Plate Samples for qPCR Analysis
Step 10: Plate samples for qPCR analysis

This part of the process requires meticulous work and involves a quantitative polymerase chain reaction (qPCR) method. Rm3 Labs’ qPCR method uses a specific DNA sequence present in all species of shiga toxin-producing E. coli and salmonella that is attached to a fluorescent probe to detect if these bacteria are present in samples The target sequence is not shared by other bacteria or organisms.

After the DNA samples are extracted, an analyst pipettes the sample into a 96-well plate. Inside each well is the qPCR chemistry that allows for the detection of a target DNA sequence. qPCR reaction chemistries can be purchased in kits from manufacturers, but Rm3 Labs has developed its own. That cuts costs, which reduces the prices for some tests.

Remember those quality-control samples mentioned earlier? The DNA from those samples is also extracted and plated for qPCR analysis alongside client samples. If the “positive” quality-control samples produce a positive result during qPCR, this tells the lab that the correct procedures were used to extract DNA from all samples in the batch and assures the lab that client samples producing a negative result are truly negative, ruling out any false negatives.

Other quality controls are added to the qPCR plate to ensure the qPCR reaction chemistries were prepared appropriately.
Load the qPCR Machine
Step 11: Load the qPCR machine

The 96-well plate with samples is loaded into the qPCR machine.
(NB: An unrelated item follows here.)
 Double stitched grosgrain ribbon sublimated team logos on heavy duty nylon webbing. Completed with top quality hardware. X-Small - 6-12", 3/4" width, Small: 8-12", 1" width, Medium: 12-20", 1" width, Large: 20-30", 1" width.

The plate is repeatedly heated and cooled over 45 minutes to amplify, or increase, the DNA in the sample.

Heating the plate breaks apart the two strands of any DNA present in the samples, and cooling allows for newly assembled DNA strands to anneal - in other words, be brought back together.
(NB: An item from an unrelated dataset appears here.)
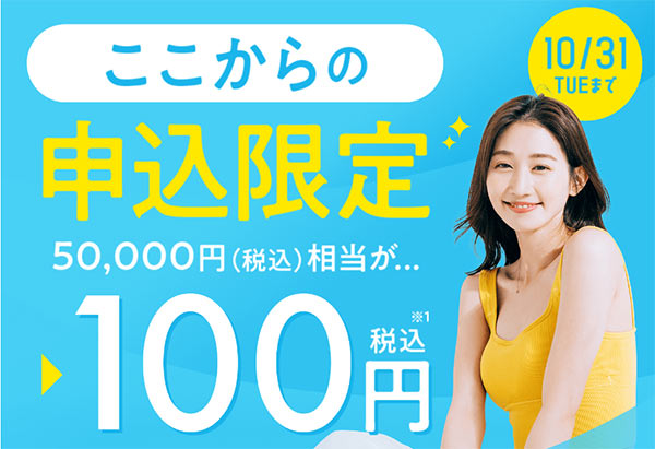 通常だと50,000円相当の内容が今申し込みをすればたったの100円のみでOKです。過去一番といって良いほどの超豪華な脱毛キャンペーン内容になっています。

During this process, if the target DNA sequence of the bacteria of interest is present, the probe attached to the target DNA sequence will cause a fluorescent signal on the qPCR machine.

As the DNA of interest is amplified, the probe’s fluorescence is also increased, and this is shown in an S-shaped, curved line. The sooner the curved line pops up on the screen, the more concentrated the DNA of the bacteria of interest is within the sample. In the tens of thousands of samples that Rm3 Labs has tested, the laboratory has detected salmonella in only one sample. The curved lines on the screen show the results for positive quality control samples.
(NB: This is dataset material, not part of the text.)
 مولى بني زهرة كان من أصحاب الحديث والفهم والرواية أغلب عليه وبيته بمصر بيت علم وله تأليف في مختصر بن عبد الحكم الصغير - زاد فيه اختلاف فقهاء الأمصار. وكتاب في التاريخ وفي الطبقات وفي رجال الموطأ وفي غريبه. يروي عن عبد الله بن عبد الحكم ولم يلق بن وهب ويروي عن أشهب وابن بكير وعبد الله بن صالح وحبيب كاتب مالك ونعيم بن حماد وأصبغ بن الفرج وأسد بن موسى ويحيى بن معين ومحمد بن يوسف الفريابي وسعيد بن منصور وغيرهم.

All other lines are flat, which is what an operator hopes to see in client samples because it indicates no bacteria of interest is present.
Count Colony-Forming Units
Step 12: Count colony-forming units

After 60-72 hours in a temperature-controlled incubator, the TYAM 3M Petrifilm plates are removed and the CFUs on each plate are counted. The Petrifilm contains an indicator dye that shows the presence of yeast and mold colony-forming units by coloring them blue, making it easier to count the number of colonies. The number of CFUs on the plate correlate to the level of fungal contamination in the product. Several states have an acceptable limit of 10,000 CFUs of yeast and mold per gram of product, and any result over that limit fails testing.

Operators can use the data from TYAM testing to monitor changes in their operation. For example, cultivators who introduce a pest-management system can compare the number of CFUs of yeast or mold before and after implementation. That can help them determine whether their new system is decreasing the biocontaminant levels in their products over time.